O texto busca alcançar quem trabalhou durante anos, mas não conseguiu contribuir de forma regular. É o caso de trabalhadores informais, autônomos de baixa renda, catadores, diaristas, cuidadores, entregadores e motoristas de aplicativo, além de pessoas que exerceram trabalho não remunerado no cuidado da família.
Assistência social
Embora se assemelhe ao Benefício de Prestação Continuada (BPC), previsto na Lei Orgânica da Assistência Social, a proposta de Duda Salabert funciona de forma diferente.
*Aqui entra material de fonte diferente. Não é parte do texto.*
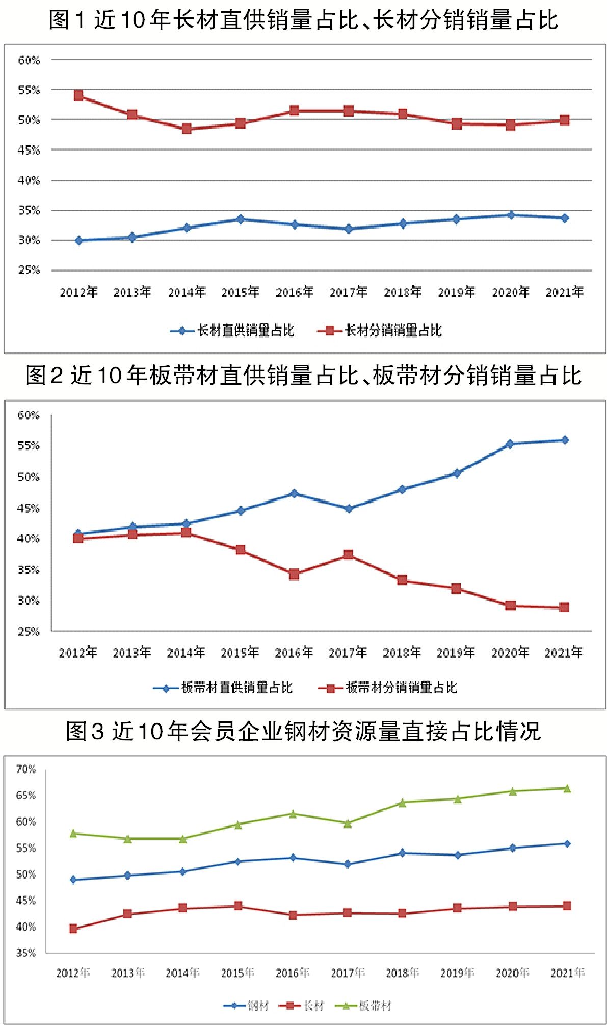 近10年会员企业长材资源量直接占比基本保持稳定,除2012年长材资源量直接占比低于40%外,2013年—2021年长材资源量直接占比基本在43%上下波动,其中2015年为43.96%,仅低于2021年的43.99%。上述现象表明,近10年会员企业对长材资源的掌控能力没有出现实质性变化,这主要与长材具有较明显的分销属性相关联,同时与多数长材应用于建筑领域,而钢铁生产与建筑施工在生产方式及节奏上存在较大差异性有关。钢铁企业向建筑企业直接供货,需要在钢材配送、库存协调、钢材二次加工、资金结算周期等方面进行充分协调。全国部分大型建筑施工企业(如中铁建等)虽然直接向钢铁企业购买钢材,但通常是由其内部采购部门进行规模化采购,以提高议价能力,并不是真正意义上的“点对点”直供销售。鉴于长材分销销量占比始终大于长材资源量直接占比,据此判定在与长材终端用户沟通与服务方面,经销商目前拥有较大的影响力。

Esse benefício é pago pelo governo federal a idosos com 65 anos ou mais e pessoas com deficiência de qualquer idade que comprovem impedimentos de longo prazo.
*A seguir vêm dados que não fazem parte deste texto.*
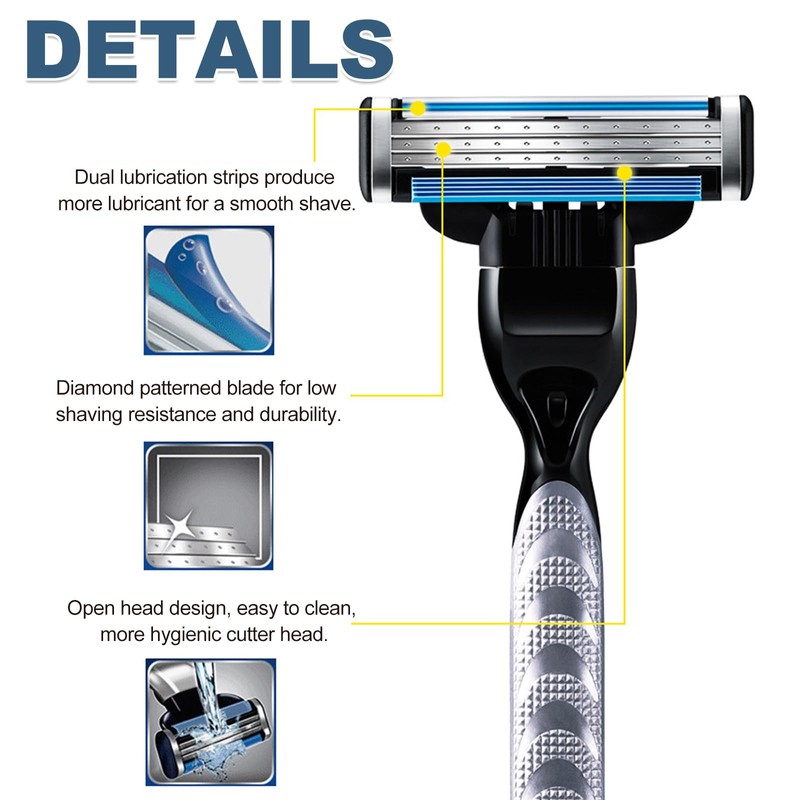 - 3-layer blades: men's razor blade features an open blade structure for easy rinsing and replacement. The 3-layer razor blades are versatile and comfortable to meet your needs.

O auxílio, que não possui caráter previdenciário ou garante concessão vitalícia, exige comprovação de baixa renda extrema. Pela regra atual, a renda familiar por pessoa deve ser, em geral, inferior a um quarto do salário-mínimo, embora decisões judiciais possam flexibilizar esse critério.
A PEC traz um mecanismo de previdência que abrange trabalhadores do mercado informal, como forma de universalizar o direito à previdência. A proposta da deputada também garante acesso independentemente da renda anterior à aposentadoria.
Alterações à previdência
Outro ponto relevante é a inclusão da chamada "Revisão da Vida Toda" no texto constitucional. A PEC prevê que salários de contribuição anteriores a julho de 1994 possam ser considerados no cálculo da aposentadoria quando isso for mais vantajoso para o segurado.
A proposta tenta superar o entendimento firmado pelo STF, que rejeitou essa possibilidade ao julgar ações sobre o tema. Ao incluir a regra na Constituição, a PEC busca dar base constitucional ao direito de considerar contribuições antigas no cálculo do benefício.
O texto também promove alterações à cobertura previdenciária de eventos diferentes da aposentadoria, como salário-maternidade, salário-família e auxílio-reclusão:
- Salário-maternidade passa a ser garantido a homens e mulheres e pelo mesmo prazo de duração, desde que, no caso da paternidade, seja comprovado o efetivo exercício das funções de criação, cuidado e proteção de seus filhos;
- Salário-família se torna o pago para o segurado de baixa renda em relação aos seus filhos até 14 anos e desde que regularmente matriculados em instituição oficial de ensino e em dia com as campanhas oficiais de vacinação; e
- Auxílio-reclusão passa a ser pago para os dependentes do segurado preso, independentemente da renda auferida pelo trabalhador.
Fonte de renda
Para financiar a ampliação da proteção previdenciária, a PEC cria novas fontes de custeio para a seguridade social. Entre elas, está a cobrança de alíquotas adicionais sobre o lucro de instituições financeiras públicas e privadas. Até que uma lei regulamente o tema, o texto prevê alíquota adicional de 10% para bancos.
Além disso, o texto prevê outras fontes, como dividendos de entidades da administração pública federal indireta, lucros do Banco Central, remuneração da Conta Única do Tesouro, superávit financeiro e excesso de arrecadação de fontes existentes no Tesouro Nacional.
Tramitação
Conforme define o Regimento Interno da Câmara dos Deputados, a tramitação em formato de PEC exige assinatura de 171 deputados federais, o que corresponde a um terço dos membros da Casa. Na prática, o texto só será analisado quando atingir o número mínimo de assinaturas.